Data extracts:
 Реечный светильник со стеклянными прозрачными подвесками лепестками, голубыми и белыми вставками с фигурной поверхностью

* * *

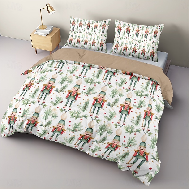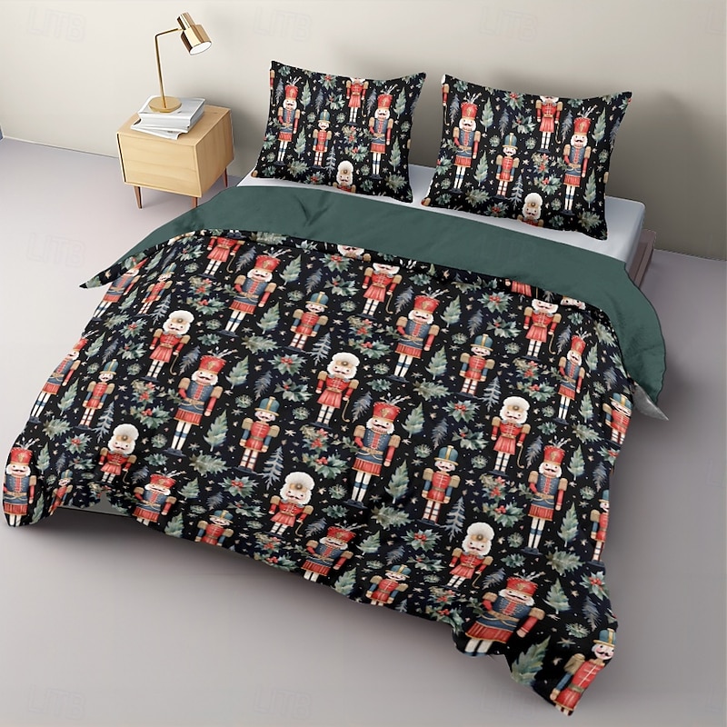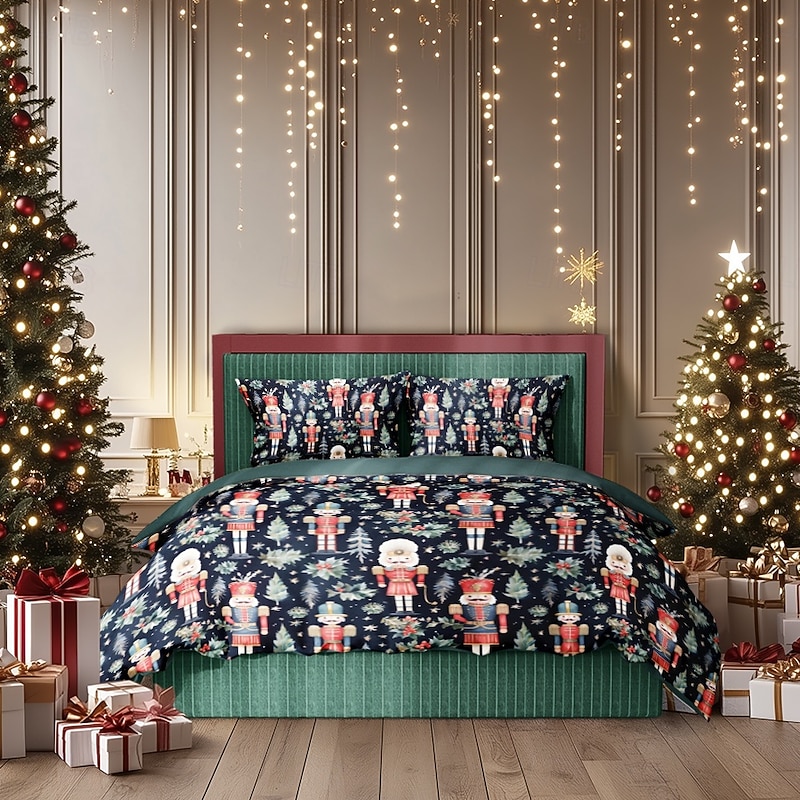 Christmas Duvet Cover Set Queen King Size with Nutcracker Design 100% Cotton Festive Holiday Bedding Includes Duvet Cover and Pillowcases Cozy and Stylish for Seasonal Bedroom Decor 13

* * *

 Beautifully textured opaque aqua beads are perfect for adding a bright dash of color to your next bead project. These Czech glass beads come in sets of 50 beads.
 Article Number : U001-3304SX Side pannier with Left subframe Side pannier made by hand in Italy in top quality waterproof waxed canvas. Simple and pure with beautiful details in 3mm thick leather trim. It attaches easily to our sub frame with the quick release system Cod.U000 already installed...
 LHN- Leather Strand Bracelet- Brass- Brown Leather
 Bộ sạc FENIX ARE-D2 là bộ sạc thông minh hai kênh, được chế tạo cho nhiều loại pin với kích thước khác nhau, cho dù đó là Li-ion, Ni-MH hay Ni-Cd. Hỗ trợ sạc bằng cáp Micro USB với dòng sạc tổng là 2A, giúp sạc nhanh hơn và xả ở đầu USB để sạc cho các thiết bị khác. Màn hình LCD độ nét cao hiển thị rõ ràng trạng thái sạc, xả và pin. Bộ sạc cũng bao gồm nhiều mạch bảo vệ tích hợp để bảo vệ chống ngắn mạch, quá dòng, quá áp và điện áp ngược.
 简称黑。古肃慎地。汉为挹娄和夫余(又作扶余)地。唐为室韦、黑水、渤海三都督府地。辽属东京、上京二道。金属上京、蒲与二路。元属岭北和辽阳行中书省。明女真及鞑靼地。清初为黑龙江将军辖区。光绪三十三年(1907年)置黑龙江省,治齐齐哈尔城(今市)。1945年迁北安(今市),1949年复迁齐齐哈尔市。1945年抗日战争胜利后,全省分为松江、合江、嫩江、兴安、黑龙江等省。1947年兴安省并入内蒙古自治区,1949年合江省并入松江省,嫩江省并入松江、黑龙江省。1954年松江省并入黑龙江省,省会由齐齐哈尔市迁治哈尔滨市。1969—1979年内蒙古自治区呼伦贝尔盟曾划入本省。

To do: Return exactly the lines above from the line that has "Beautifully textured opaque" through the line that has "LHN- Leather Strand", inclusive, and nothing else.

Written response:
 Beautifully textured opaque aqua beads are perfect for adding a bright dash of color to your next bead project. These Czech glass beads come in sets of 50 beads.
 Article Number : U001-3304SX Side pannier with Left subframe Side pannier made by hand in Italy in top quality waterproof waxed canvas. Simple and pure with beautiful details in 3mm thick leather trim. It attaches easily to our sub frame with the quick release system Cod.U000 already installed...
 LHN- Leather Strand Bracelet- Brass- Brown Leather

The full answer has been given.